The different trajectories of these two laws reveal local governing bodies with substantially different legislative priorities and political leanings. Who has the better policy argument of the two is irrelevant for purposes of this post. What is relevant is that both of these jurisdictions, like dozens of other jurisdictions, whether on the federal, state or local level, prohibit employers from discriminating against their workers in some form.

Therefore, employers must take care to familiarize themselves with the human rights laws of each jurisdiction in which they operate to understand what is and is not protected. Their efforts to avoid EEO claims in one jurisdiction may be insufficient in another as would be the case with New York City and Tennessee.  Familiarity with the human rights laws allows employers to take the steps necessary to properly stamp out all applicable forms of discrimination, harassment and retaliation in their workplace. In addition, employers would be well-advised to consider the following to limit their exposure:

  1. Document and communicate performance expectations and issues in a timely manner. Doing so provides employers with the best chance of having a case tossed before trial or, if necessary, at trial. Employers shouldn’t necessarily wait to document and communicate performance issues until an employee’s annual performance review; rather, if feasible, they should do so at the time the performance issue arises. Further, employers should set clearly defined written performance goals for the employee, communicate the same, and then periodically revisit those goals with the employee.

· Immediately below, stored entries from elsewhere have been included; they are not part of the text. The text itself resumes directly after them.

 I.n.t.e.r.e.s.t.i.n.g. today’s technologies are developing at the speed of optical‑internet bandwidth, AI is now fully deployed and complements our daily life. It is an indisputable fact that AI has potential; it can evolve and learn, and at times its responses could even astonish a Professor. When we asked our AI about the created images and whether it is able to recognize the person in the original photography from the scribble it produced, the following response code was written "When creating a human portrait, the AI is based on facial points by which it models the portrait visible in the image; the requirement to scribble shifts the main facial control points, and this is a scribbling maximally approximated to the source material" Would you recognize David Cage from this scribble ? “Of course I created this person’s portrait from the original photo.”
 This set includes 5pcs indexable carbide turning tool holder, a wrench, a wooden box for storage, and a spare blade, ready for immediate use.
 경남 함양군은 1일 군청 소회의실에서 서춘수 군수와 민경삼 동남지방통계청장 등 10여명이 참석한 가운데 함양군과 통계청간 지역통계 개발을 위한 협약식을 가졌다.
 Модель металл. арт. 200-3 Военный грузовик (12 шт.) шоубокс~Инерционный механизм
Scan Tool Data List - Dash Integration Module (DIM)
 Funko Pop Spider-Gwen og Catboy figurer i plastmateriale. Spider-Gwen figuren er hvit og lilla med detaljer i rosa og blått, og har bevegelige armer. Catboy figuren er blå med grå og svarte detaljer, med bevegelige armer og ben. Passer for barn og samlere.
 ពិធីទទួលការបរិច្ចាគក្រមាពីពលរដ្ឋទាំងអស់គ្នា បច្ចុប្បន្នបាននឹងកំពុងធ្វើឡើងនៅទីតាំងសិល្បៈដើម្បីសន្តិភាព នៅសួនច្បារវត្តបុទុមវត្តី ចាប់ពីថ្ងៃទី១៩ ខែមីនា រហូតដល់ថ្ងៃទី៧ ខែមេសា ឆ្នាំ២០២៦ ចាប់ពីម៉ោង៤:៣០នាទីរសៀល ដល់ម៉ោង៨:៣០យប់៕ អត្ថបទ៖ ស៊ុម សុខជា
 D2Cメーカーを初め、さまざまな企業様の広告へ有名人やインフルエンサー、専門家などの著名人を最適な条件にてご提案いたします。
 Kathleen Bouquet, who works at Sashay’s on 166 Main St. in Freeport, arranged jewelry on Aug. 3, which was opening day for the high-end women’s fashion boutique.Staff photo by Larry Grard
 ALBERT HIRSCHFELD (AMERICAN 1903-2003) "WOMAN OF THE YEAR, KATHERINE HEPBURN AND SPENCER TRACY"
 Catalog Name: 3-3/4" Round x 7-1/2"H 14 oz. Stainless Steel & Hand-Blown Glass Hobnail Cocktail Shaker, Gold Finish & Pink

  2. Create, implement and periodically review discrimination/harassment/retaliation policies. Often times, the best defense is a good offense. Employers should create broad, or broaden their existing, non-discrimination/non-harassment/non-retaliation policies, distribute these policies (at least annually) to new hires and existing employees, require review and acknowledgement of these policies, provide the employee with the opportunity to ask questions regarding these policies, and ensure that these policies include workable complaint mechanisms and investigation procedures.
  3. Don’t Skimp Out on Training. Having a written policy only goes so far. A key to prevention is training. Employers should develop and administer comprehensive non-discrimination/harassment/retaliation training programs for all employees, managerial, supervisory or otherwise, and ensure that managers and supervisors can recognize, process, and correct discriminatory behavior.
  4. Consistently enforce your policies. If an employee complains, you must take it seriously and investigate the complaint. And if you discover any wrongdoing, you are well-advised to take the necessary and appropriate corrective action. Failing to enforce your policy consistently not exposes you to a claim, but sends a message that the company is not serious about creating a discrimination-free workplace.
  5. Consider using arbitration agreements or jury waivers. In the last few years, the law has moved decidedly in management’s favor to allow for the use of arbitration agreements to resolve human rights disputes. Employers can also use jury waivers as an alternative. Trying a case before a judge or arbitrator instead of a jury provides the employer with several advantages: they (mostly) take less time and money, and studies suggest that employers are twice as likely to prevail, and if they lose, the employee typically will likely receive a substantially lower damage award.